"""

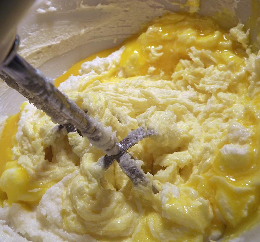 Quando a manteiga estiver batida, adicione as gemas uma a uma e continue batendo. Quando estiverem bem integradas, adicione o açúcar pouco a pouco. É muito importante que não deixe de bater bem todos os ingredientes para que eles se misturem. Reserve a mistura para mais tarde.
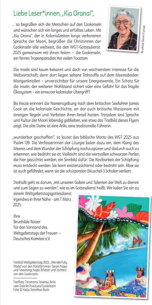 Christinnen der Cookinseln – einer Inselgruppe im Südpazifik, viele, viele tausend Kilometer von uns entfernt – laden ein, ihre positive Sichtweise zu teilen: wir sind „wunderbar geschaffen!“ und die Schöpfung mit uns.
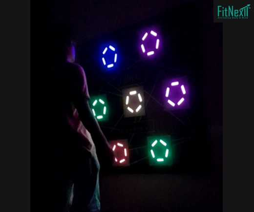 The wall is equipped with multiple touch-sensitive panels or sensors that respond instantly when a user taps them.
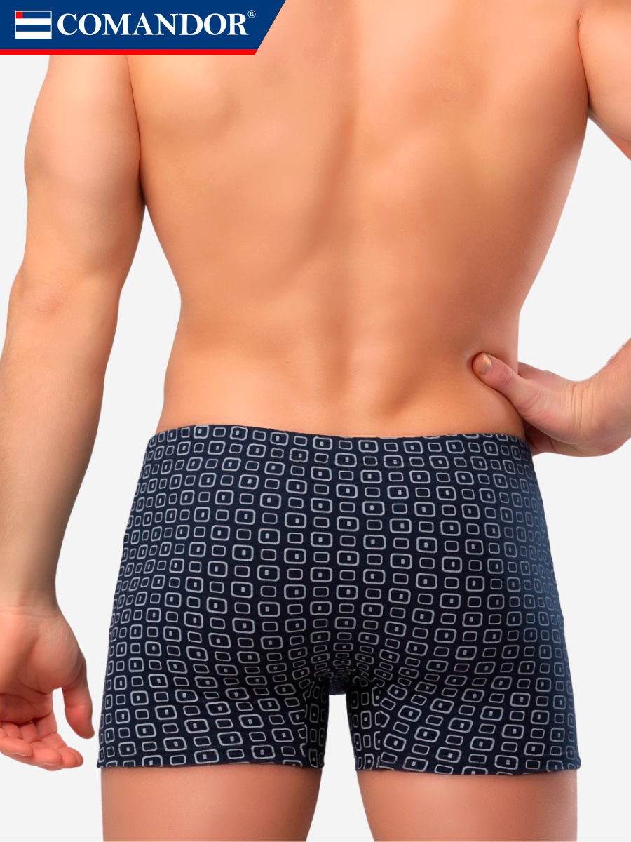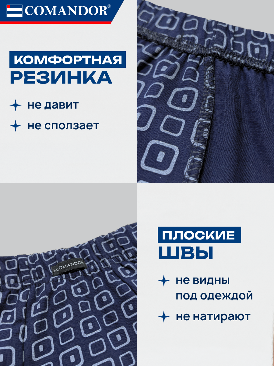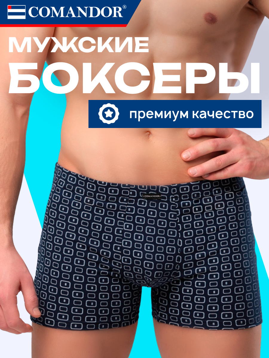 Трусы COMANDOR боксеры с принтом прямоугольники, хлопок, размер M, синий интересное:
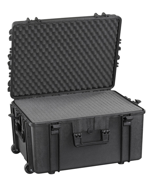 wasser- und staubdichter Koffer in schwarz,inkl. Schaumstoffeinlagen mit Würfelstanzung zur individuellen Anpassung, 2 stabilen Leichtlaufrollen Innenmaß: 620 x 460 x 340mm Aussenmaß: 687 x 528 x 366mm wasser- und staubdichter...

"""

- Your goal: Repeat the records word for word. Leave out whatever pictures they hold.

- Solution for this problem:
 Quando a manteiga estiver batida, adicione as gemas uma a uma e continue batendo. Quando estiverem bem integradas, adicione o açúcar pouco a pouco. É muito importante que não deixe de bater bem todos os ingredientes para que eles se misturem. Reserve a mistura para mais tarde.
 Christinnen der Cookinseln – einer Inselgruppe im Südpazifik, viele, viele tausend Kilometer von uns entfernt – laden ein, ihre positive Sichtweise zu teilen: wir sind „wunderbar geschaffen!“ und die Schöpfung mit uns.
 The wall is equipped with multiple touch-sensitive panels or sensors that respond instantly when a user taps them.
 Трусы COMANDOR боксеры с принтом прямоугольники, хлопок, размер M, синий интересное:
 wasser- und staubdichter Koffer in schwarz,inkl. Schaumstoffeinlagen mit Würfelstanzung zur individuellen Anpassung, 2 stabilen Leichtlaufrollen Innenmaß: 620 x 460 x 340mm Aussenmaß: 687 x 528 x 366mm wasser- und staubdichter...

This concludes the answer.